*What you should do*. Do not copy the pictures. Write out the lines from the start of the entries through the line containing "煙機不過是最常見的廚房道具,但在這里,復".

━━━━━ Data for analysis

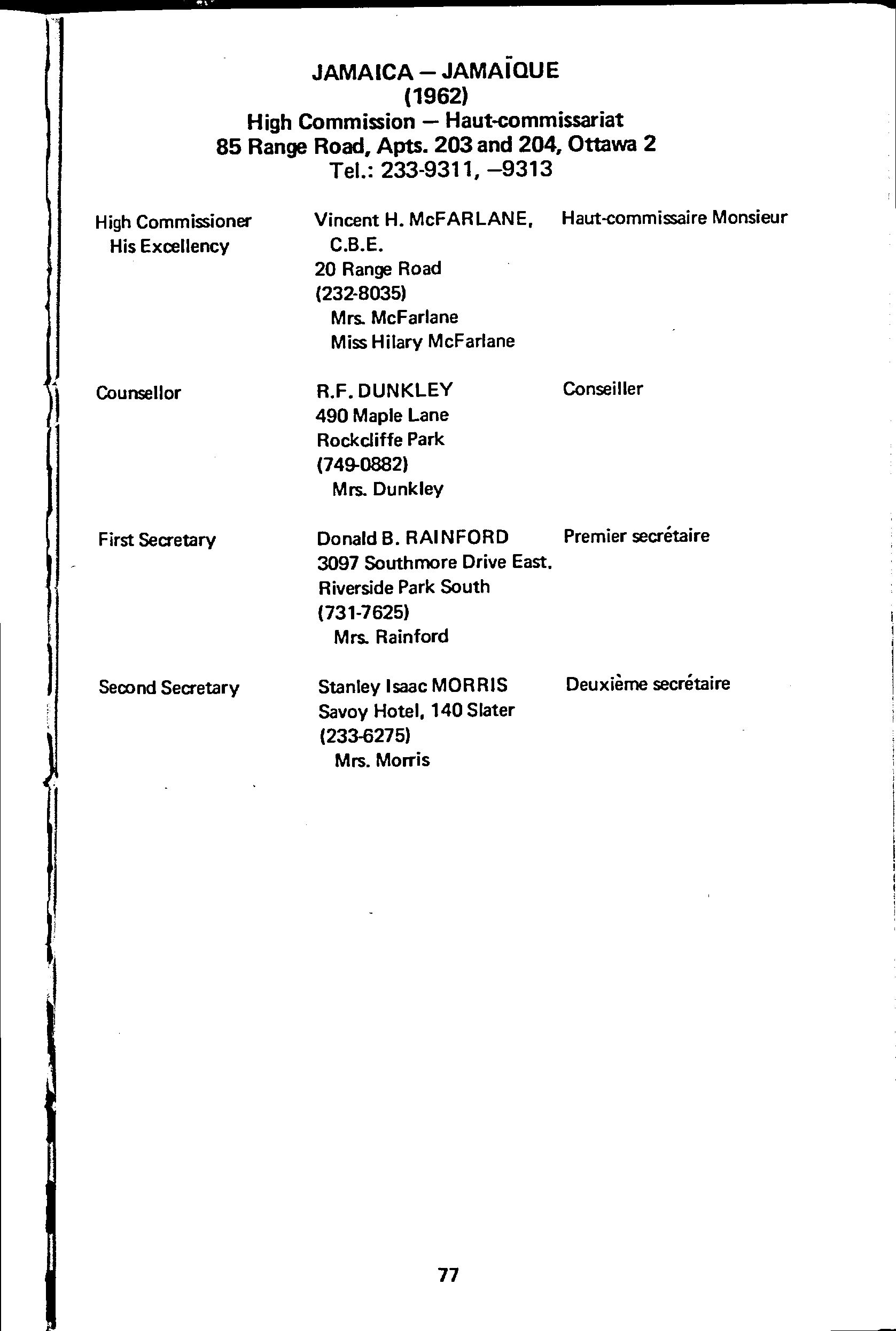 Diplomatic corps and consular and other representatives in Canada = Corps diplomatique et représentants consulaires et autres au Canada. Juin 1969
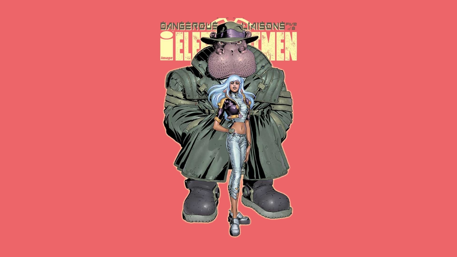 Description: A cartoon character with a hat and a cane standing in front of a pink background with a woman in a green coat.
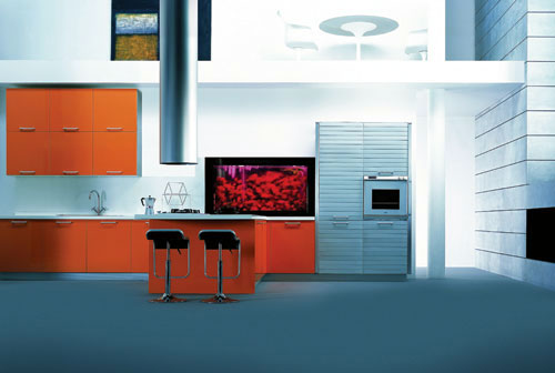 煙機不過是最常見的廚房道具,但在這里,復式的房子,為長型的煙機提供了展現(xiàn)自我的場地,不僅能把功能發(fā)揮到極致,更能成為最引人注目的裝飾品。如果你有足夠的創(chuàng)意,不妨還可以像這樣把大型魚缸搬到廚房來,讓他們營造出更前衛(wèi)的效果。
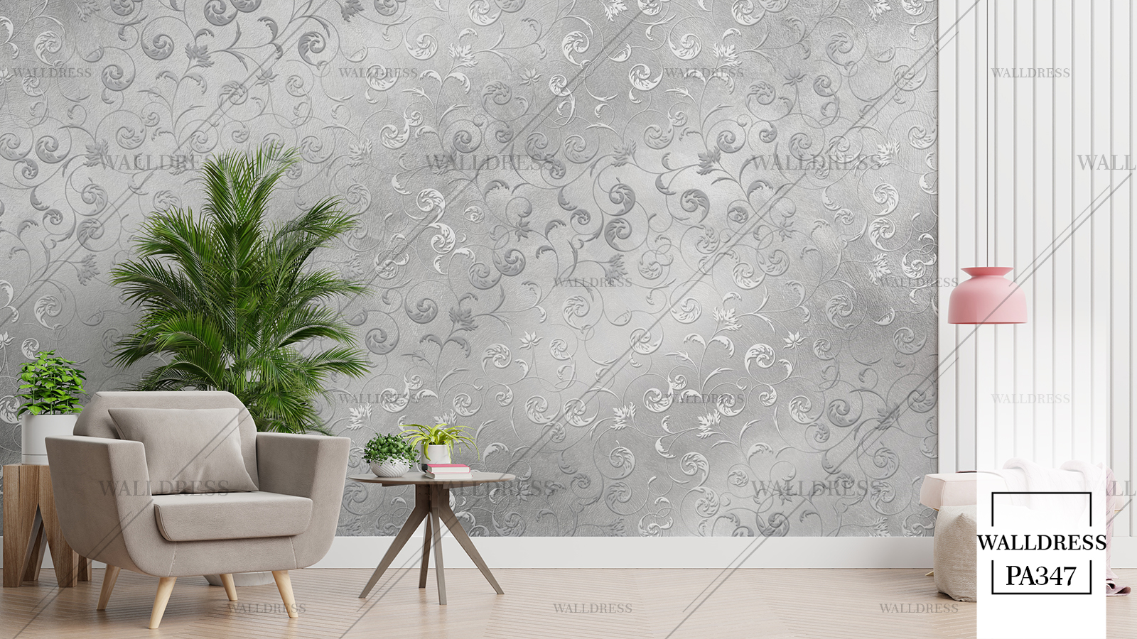 پوستر دیواری نئو کلاسیک با طراحی ظریف و تلفیق کلاسیک و مدرن با جزئیات پتینه ای مناسب فضاهای شیک و مدرن | پیچک های نقره ای
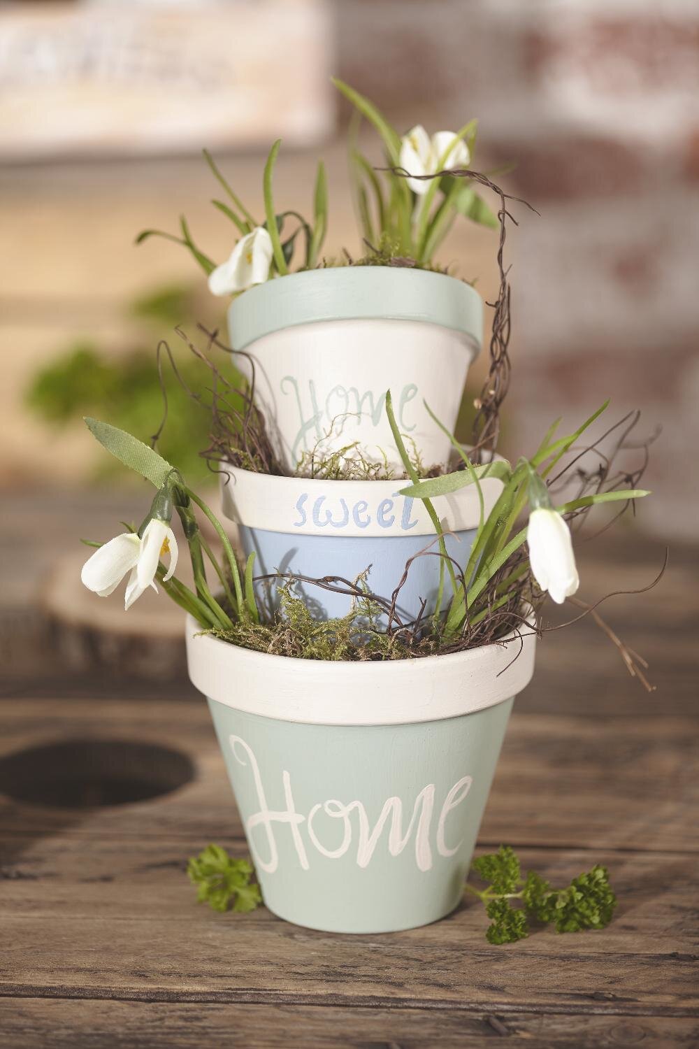 Květináče se naskládají na sebe pomocí dřevěné kulaté tyčky. Kulatá tyčka Ø 10 mm se nařeže na délku přibližně 17 cm a prostrčí se květináči. Ty se nyní mohou naplnit dekorativní vrbou a mechem a nakonec ozdobit sněženkami.
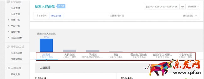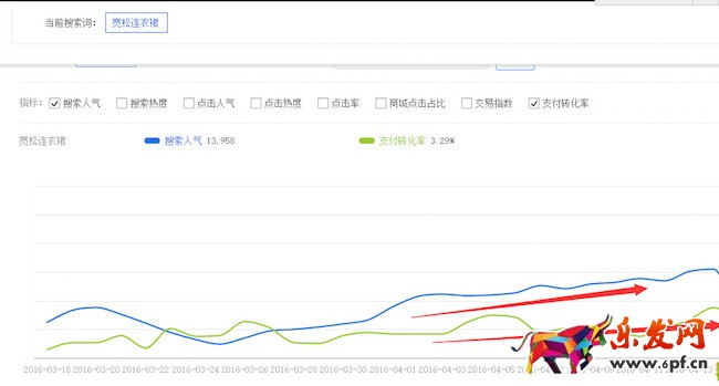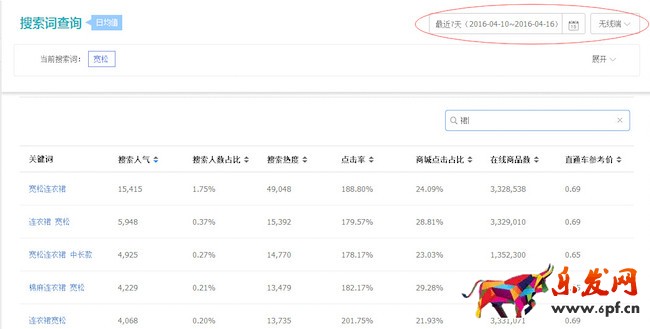 下面以“寬松連衣裙”這個核心詞分析為例子:1.從最近七天看,搜索人氣在持續增長,轉化率也有穩定上升的態勢。

━━━━━━━━━━

*Response to the task*.
 Diplomatic corps and consular and other representatives in Canada = Corps diplomatique et représentants consulaires et autres au Canada. Juin 1969
 Description: A cartoon character with a hat and a cane standing in front of a pink background with a woman in a green coat.
 煙機不過是最常見的廚房道具,但在這里,復式的房子,為長型的煙機提供了展現(xiàn)自我的場地,不僅能把功能發(fā)揮到極致,更能成為最引人注目的裝飾品。如果你有足夠的創(chuàng)意,不妨還可以像這樣把大型魚缸搬到廚房來,讓他們營造出更前衛(wèi)的效果。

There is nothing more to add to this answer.